In some implementations, signal bearing medium 604 may encompass a non-transitory computer readable medium 608, such as, but not limited to, a hard disk drive, a Compact Disc (CD), a Digital Video Disk (DVD), a digital tape, memory, etc. In some implementations, signal bearing medium 604 may encompass a recordable medium 610, such as, but not limited to, memory, read/write (R/W) CDs, R/W DVDs, etc. In some implementations, signal bearing medium 604 may encompass a communications medium 606, such as, but not limited to, a digital and/or an analog communication medium (e.g., a fiber optic cable, a waveguide, a wired communications link, a wireless communication link, etc.). Computer program product 600 may be recorded on non-transitory computer readable medium 608 or another similar recordable medium 610.
In sum, embodiments of the present disclosure enable modifying a digital video signal to mask physiological information of a subject person in a video generated by the digital video signal.

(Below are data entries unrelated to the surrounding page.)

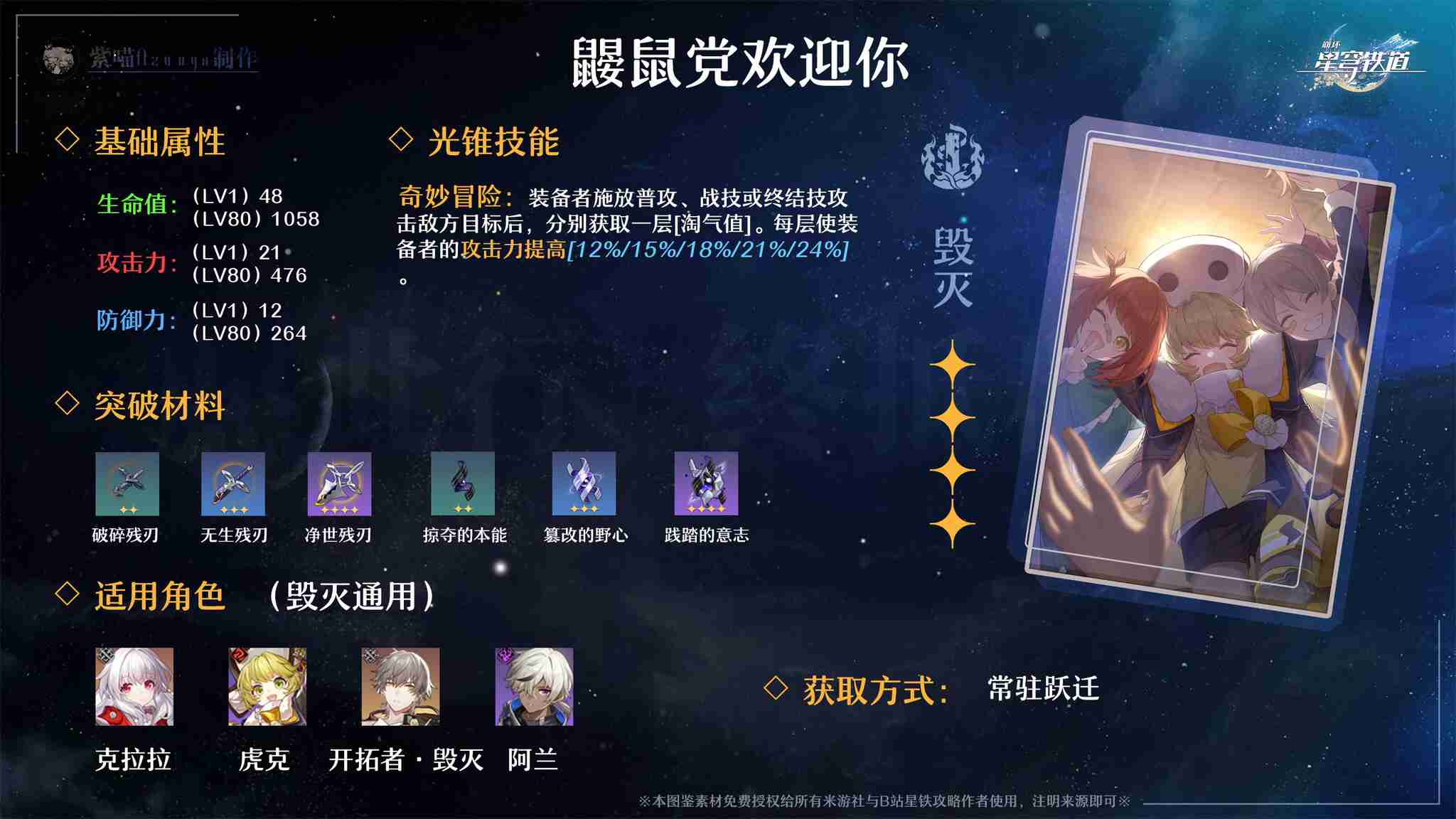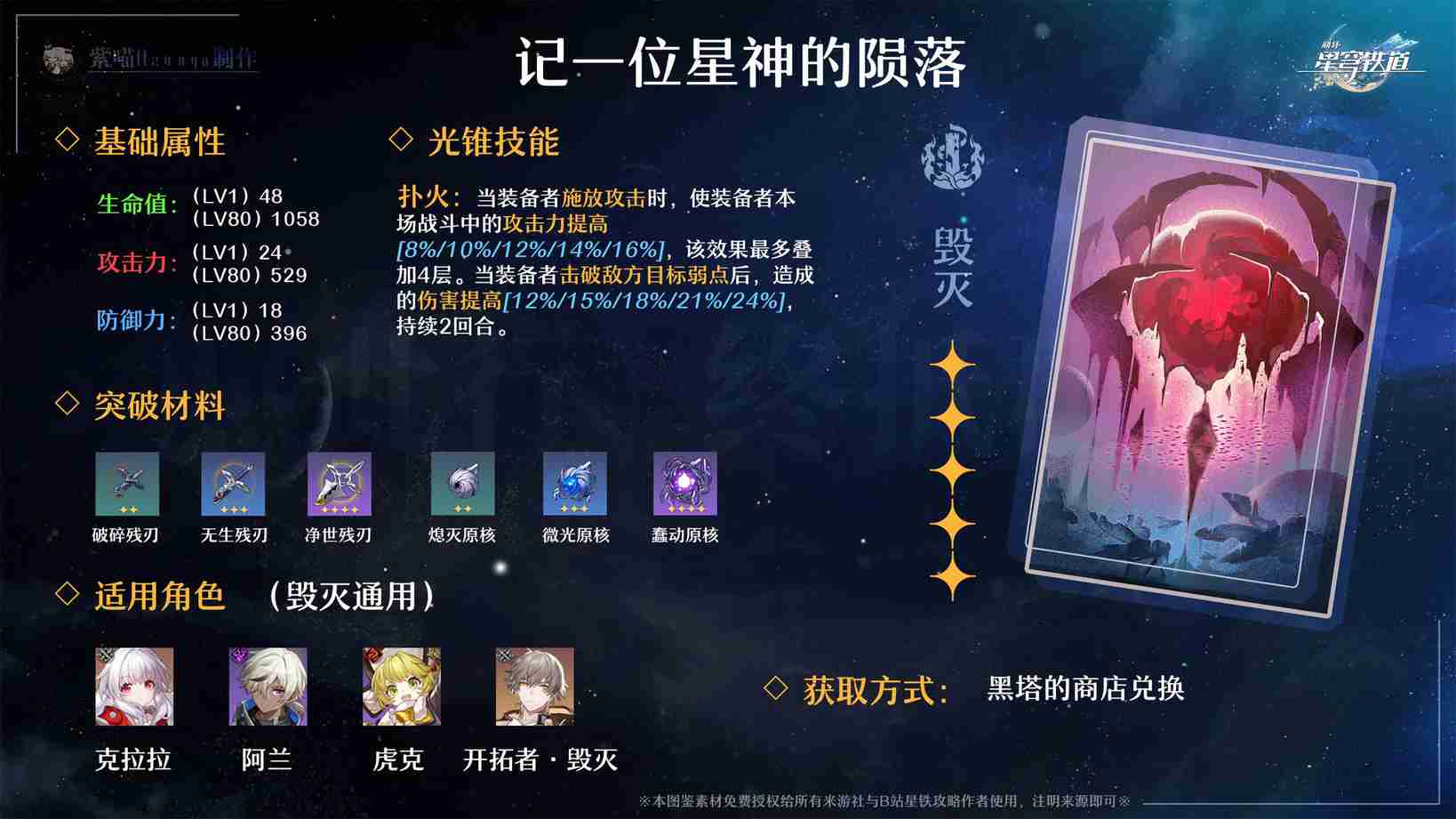这个光锥可以在游戏中免费获得,常态提供攻击力加成,并且提供对虎克来说基本等同于常驻的增伤收益。非常适合虎克使用。
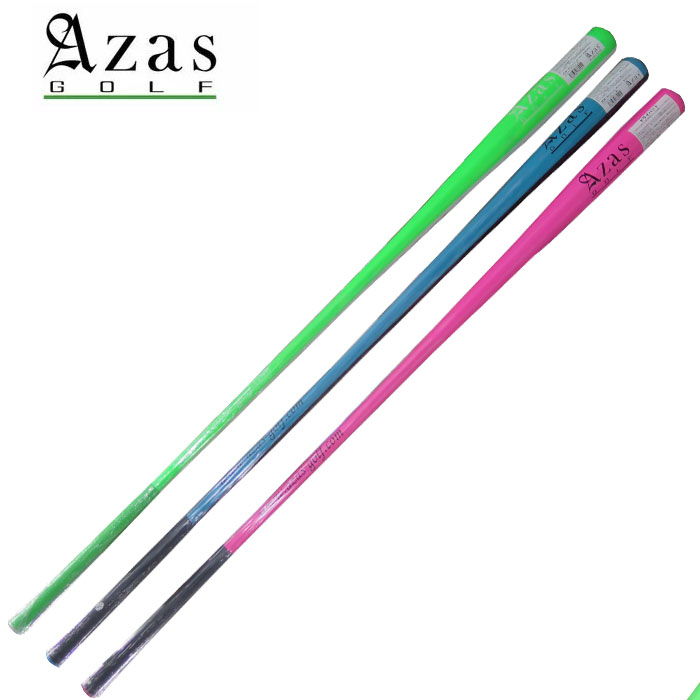 「正しいスイング=オンプレーンスイング」を身につける アザス ゴルフ ドライバット 身体に負担の掛からないスイングでベンホーガンが初めて提唱したとされる「スイングプレーン」という考え方 、当時は「ガラスの面」と表現されていましたが、最近は「オンプレーンスイング」とも呼ばれているスイングを簡単に体感出来、身につけることが出来るAzas「ドライバット」「サプルバット」(意匠登録済)を開発。「オンプレーンスイング」が一番身体に負担が掛からなく、ゴルフが上手くなり=飛ばせるスイングと考えます。「オンプレーンスイング」とはバックスイングからフォロースルーまでのクラブの軌道が一枚の板(ベンホーガンはガラスの面と言っています)の上を通っているように見えるスイングのことを言います。このスイングはボールに一番力(パワー)が伝わり、見た目も美しいスイングです。ただ一般のアマチュアはクラブが軽いため手で簡単に上げてしまう方がとても多いです。クラブを手で上げた時点で一般のアマチュアの方は「プレーン上」から外れてしまいバランスを崩してしまいます。プロゴルファーは練習で野球のバットを利用してトレーニングする方が大変多いです。実は、これがアマチュアの方にも一番良いゴルフの練習になると考えます。軽いもの(ゴルフクラブ)は簡単に手で上げることが出来ますが重いもの(野球のバット)などは簡単に手で上げることは出来ません。もし、バットを無理に手で上げてスイングすると早く振ることは出来ませんし、バランスが崩れて連続素振りなどは絶対に出来ません。(力のある方でも数回は出来たとしても10回20回の連続は出来ないと思います)私たちは重いものを振ることで、手で簡単に上げない・身体全体を使ったバランスのとても良い「正しいスイング=オンプレーンスイング」が身につくと考えます。ただ、重いものといって野球のバットも振らないよりは良いと思いますのが一般のバットはゴルフクラブとは長さもバランスもグリップ部分も違う(野球バットですから当然です)と思います。本当は重くてもゴルフクラブの長さ・バランスに近いバットがあればゴルフの練習(正しいスイングプレーンを身につける)に一番良いと考え、私たちは正しいスイング=オンプレーンスイングを簡単に体感出来、身につけることが出来るAzas「ドライバット」「サプルバット」(意匠登録済)を開発ドライバーと同じ長さ・近いバランスに作られています。男子プロに一番多く愛用して頂いているモデルです。 トレーニングにも調度良い重さのアスリートモデルです。長さ: 45インチ(約114cm) 重さ: 約600g
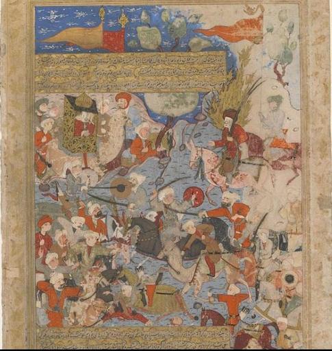 | Keywords: Battleofthecamel.JPG en Folio from a Rawdat al-safa Garden of felicity by Mirkhwand d 1498 ; verso Ali and Aisha at the Battle of the Camel; recto text 1571-1572 Safavid period Opaque watercolor ink and gold on paper H 41 3 W 27 6 cm Shiraz Iran 2014-07-10 16 45 29 http //www asia si edu/collections/singleObject cfm ObjectNumber S1986 238 Mirkhwand d 1498 PD-Art Uploaded with UploadWizard Muslim depictions of Muhammad Battle of the Camel | ||||
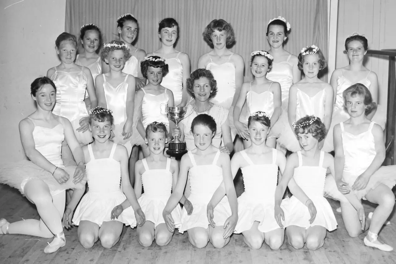 This weeks’ photo dates back 63 years to 1961 when Marie Murray’s immensely popular dancing academy coached hundreds of young Orange dancers. It shows Mrs Murray and some of her many ballet pupils with a trophy they won in a recent competition. Besides ballet, pupils could learn tap dancing and Scottish dancing.
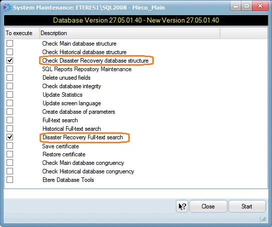 The above System Maintenance task is necessary only if the Disaster Recovery database is not accessible before. Otherwise, you can run the "Check Disaster Recovery database structure" and "Disaster Recovery Full-text search" System Maintenance tasks along with the "Check Main database structure" task. The above System Maintenance task is necessary only if the Disaster Recovery database is not accessible before. Otherwise, you can run the "Check Disaster Recovery database structure" and "Disaster Recovery Full-text search" System Maintenance tasks along with the "Check Main database structure" task.
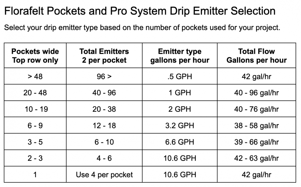 Drip irrigation tubing should be located on the top row only for Florafelt systems. Water wicks downward to all the pockets typically favoring the lower pockets.
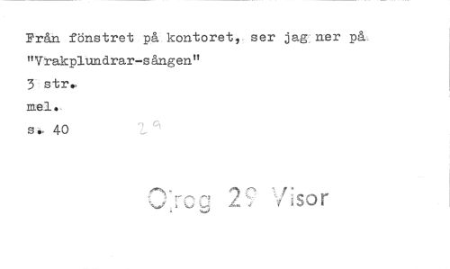 //// Från fönstret på kontoret, ser jag ner på "Vrakplundrar-sången" //// 3 str.s //// mel. //// sw, 40 //// sor ////
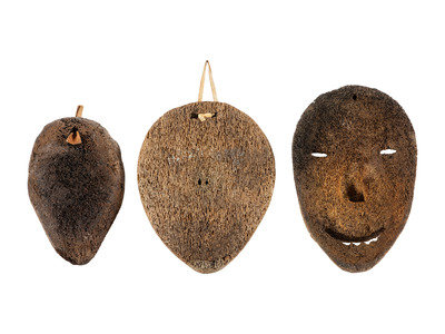 lot of 3, includes two masks with bone inset eyes
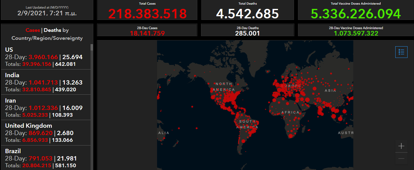 Η εικόνα της πανδημίας αυτή την ώρα στον κόσμο

A time-varying signal that is present in the digit video signal, and which can be used to determine heart rate and/or other circulatory information, can be either supplanted with a replacement time-varying signal, negated, or obfuscated with a noise signal.
While various aspects and embodiments have been disclosed herein, other aspects and embodiments will be apparent to those skilled in the art. The various aspects and embodiments disclosed herein are for purposes of illustration and are not intended to be limiting, with the true scope and spirit being indicated by the following claims.